Your assignment → From the listing below, output the lines between the one with "أما معاني إشارات" and the one with "Mirror on a", including those two, and nothing else. Pictures are not copied.

Dataset entries →
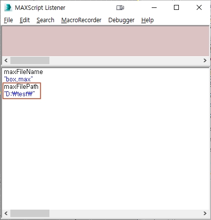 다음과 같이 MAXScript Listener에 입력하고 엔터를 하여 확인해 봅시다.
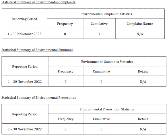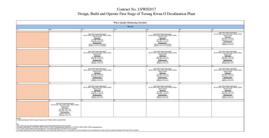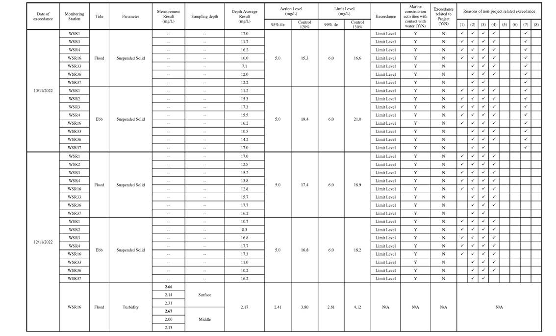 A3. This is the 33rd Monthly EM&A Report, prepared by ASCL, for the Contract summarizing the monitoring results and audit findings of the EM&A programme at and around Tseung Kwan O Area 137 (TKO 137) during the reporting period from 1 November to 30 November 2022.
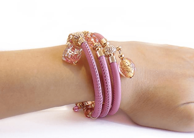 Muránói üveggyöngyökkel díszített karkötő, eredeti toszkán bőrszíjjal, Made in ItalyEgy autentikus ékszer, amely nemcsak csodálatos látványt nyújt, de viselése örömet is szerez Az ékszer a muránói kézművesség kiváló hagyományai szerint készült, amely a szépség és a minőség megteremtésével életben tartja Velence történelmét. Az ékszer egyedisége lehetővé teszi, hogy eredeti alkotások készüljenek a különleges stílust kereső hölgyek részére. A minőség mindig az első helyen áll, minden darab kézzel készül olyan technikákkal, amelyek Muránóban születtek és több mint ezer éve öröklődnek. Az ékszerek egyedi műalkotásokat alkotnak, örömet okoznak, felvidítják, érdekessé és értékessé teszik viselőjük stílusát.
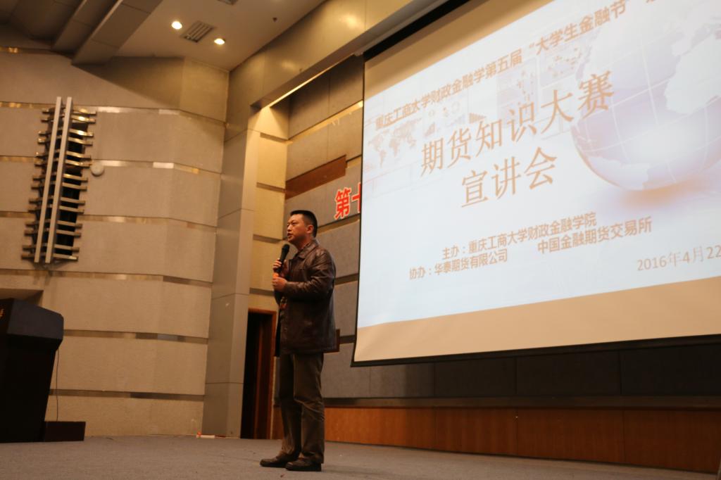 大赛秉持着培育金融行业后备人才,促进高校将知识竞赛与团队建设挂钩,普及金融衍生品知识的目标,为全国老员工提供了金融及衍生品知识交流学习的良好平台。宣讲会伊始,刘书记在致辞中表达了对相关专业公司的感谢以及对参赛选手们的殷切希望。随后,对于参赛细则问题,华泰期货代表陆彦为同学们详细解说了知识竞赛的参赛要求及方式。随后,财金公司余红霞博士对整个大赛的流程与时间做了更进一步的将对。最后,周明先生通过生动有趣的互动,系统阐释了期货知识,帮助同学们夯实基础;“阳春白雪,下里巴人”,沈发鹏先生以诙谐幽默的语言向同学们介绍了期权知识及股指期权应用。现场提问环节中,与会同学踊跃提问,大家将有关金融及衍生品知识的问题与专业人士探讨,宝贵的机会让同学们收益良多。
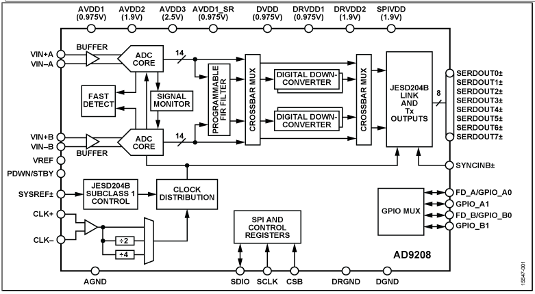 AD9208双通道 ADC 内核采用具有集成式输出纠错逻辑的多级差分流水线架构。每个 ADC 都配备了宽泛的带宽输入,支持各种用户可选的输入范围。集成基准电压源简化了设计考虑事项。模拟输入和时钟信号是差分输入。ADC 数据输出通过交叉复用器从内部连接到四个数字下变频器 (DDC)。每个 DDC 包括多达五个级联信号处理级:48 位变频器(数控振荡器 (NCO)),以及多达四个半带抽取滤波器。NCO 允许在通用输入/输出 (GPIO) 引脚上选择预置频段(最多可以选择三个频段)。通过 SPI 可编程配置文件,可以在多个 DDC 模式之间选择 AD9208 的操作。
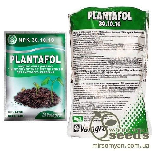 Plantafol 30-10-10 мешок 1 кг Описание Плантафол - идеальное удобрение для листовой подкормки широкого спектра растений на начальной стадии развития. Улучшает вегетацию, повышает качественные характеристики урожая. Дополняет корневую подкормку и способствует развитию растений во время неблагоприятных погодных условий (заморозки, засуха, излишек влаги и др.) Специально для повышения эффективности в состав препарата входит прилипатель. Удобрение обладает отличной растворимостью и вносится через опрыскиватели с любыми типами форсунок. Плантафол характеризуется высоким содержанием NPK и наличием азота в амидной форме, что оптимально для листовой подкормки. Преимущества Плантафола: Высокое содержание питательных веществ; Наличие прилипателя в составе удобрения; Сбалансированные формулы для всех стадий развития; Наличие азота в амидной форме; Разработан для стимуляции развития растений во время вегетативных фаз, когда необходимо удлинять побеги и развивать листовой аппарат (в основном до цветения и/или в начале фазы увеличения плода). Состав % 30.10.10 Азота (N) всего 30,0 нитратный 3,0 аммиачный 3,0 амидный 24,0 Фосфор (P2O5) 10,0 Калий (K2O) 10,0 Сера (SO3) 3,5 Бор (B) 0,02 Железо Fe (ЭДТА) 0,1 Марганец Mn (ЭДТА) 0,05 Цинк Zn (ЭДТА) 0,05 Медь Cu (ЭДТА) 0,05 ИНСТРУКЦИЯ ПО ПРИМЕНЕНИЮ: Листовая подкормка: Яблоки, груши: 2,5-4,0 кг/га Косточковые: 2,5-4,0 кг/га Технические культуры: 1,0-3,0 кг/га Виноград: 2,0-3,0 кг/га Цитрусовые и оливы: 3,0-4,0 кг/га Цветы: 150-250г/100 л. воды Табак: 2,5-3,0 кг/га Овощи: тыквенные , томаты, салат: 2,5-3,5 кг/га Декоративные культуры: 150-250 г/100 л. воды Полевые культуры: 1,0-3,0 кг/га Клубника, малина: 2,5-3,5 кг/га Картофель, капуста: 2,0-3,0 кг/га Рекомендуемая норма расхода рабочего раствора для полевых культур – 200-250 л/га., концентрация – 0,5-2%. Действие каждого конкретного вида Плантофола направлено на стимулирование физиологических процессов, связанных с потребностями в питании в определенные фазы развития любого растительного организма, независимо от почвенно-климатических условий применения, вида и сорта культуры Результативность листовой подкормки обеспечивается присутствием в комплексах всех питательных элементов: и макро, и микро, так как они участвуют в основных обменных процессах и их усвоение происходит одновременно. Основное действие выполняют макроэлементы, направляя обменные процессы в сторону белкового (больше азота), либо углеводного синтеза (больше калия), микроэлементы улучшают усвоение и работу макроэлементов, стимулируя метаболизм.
==
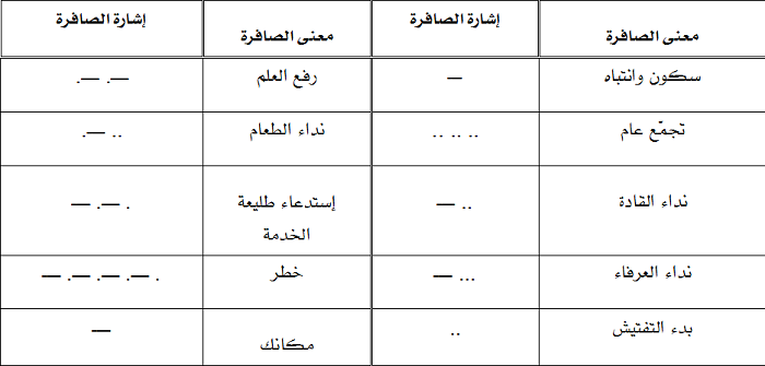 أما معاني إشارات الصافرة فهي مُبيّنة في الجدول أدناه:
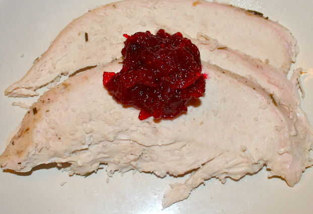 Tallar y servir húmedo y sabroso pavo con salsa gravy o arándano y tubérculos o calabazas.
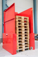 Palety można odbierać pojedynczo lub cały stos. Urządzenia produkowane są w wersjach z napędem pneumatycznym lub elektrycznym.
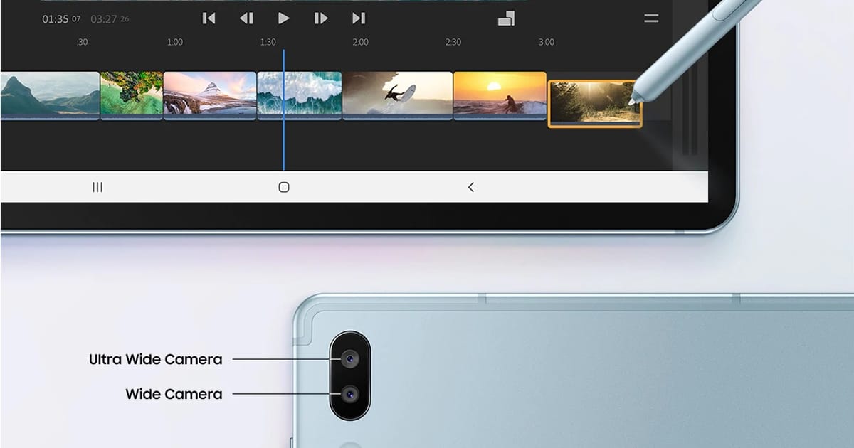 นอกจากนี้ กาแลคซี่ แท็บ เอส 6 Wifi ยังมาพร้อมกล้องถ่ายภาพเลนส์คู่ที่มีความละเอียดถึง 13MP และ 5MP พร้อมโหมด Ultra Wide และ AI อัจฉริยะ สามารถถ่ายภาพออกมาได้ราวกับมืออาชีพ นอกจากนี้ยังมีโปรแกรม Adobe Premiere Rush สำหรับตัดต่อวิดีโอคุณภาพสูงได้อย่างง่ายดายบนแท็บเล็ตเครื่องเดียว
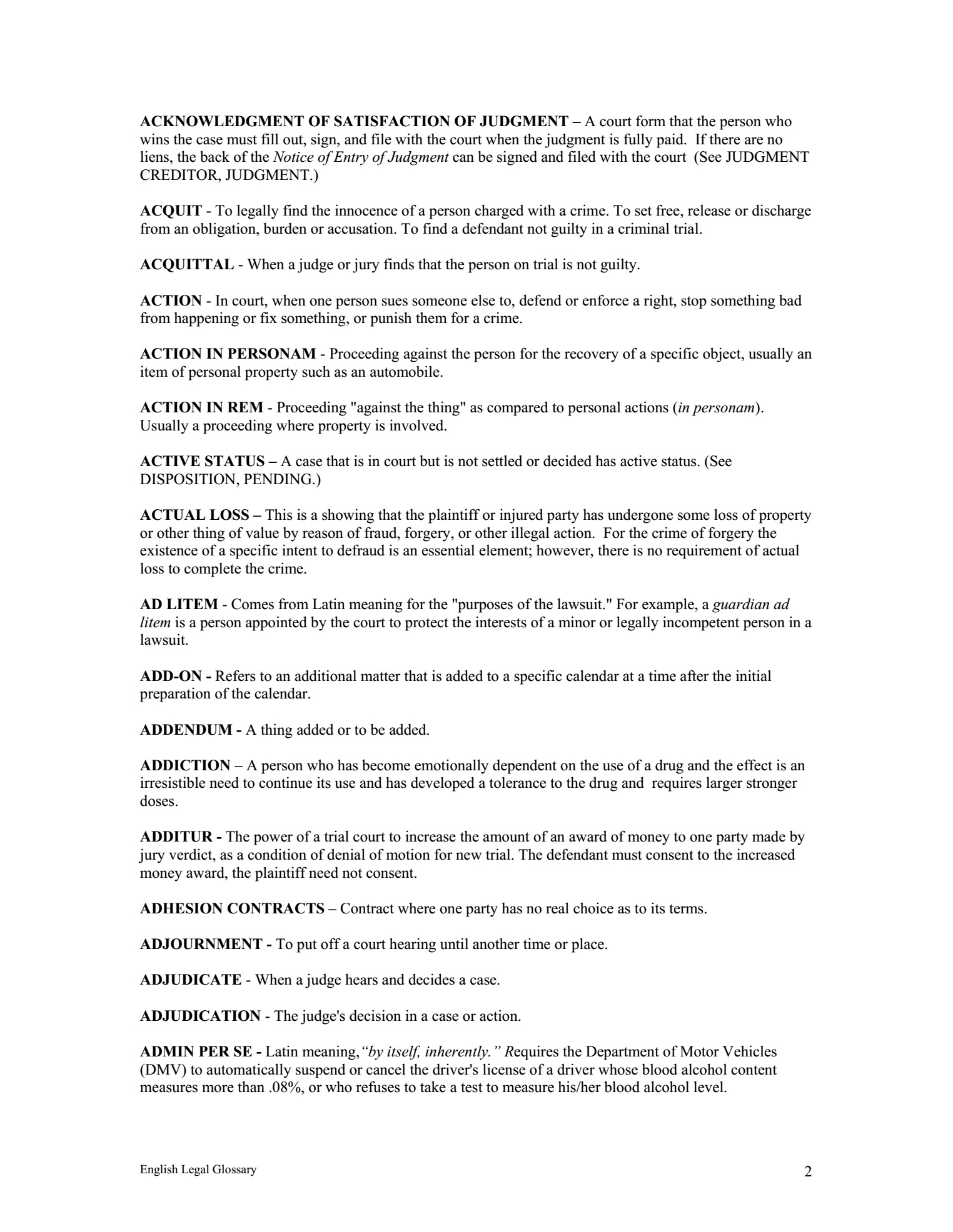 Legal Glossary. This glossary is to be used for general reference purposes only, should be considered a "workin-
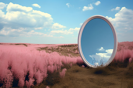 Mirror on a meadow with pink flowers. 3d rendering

Response to this exercise →
 أما معاني إشارات الصافرة فهي مُبيّنة في الجدول أدناه:
 Tallar y servir húmedo y sabroso pavo con salsa gravy o arándano y tubérculos o calabazas.
 Palety można odbierać pojedynczo lub cały stos. Urządzenia produkowane są w wersjach z napędem pneumatycznym lub elektrycznym.
 นอกจากนี้ กาแลคซี่ แท็บ เอส 6 Wifi ยังมาพร้อมกล้องถ่ายภาพเลนส์คู่ที่มีความละเอียดถึง 13MP และ 5MP พร้อมโหมด Ultra Wide และ AI อัจฉริยะ สามารถถ่ายภาพออกมาได้ราวกับมืออาชีพ นอกจากนี้ยังมีโปรแกรม Adobe Premiere Rush สำหรับตัดต่อวิดีโอคุณภาพสูงได้อย่างง่ายดายบนแท็บเล็ตเครื่องเดียว
 Legal Glossary. This glossary is to be used for general reference purposes only, should be considered a "workin-
 Mirror on a meadow with pink flowers. 3d rendering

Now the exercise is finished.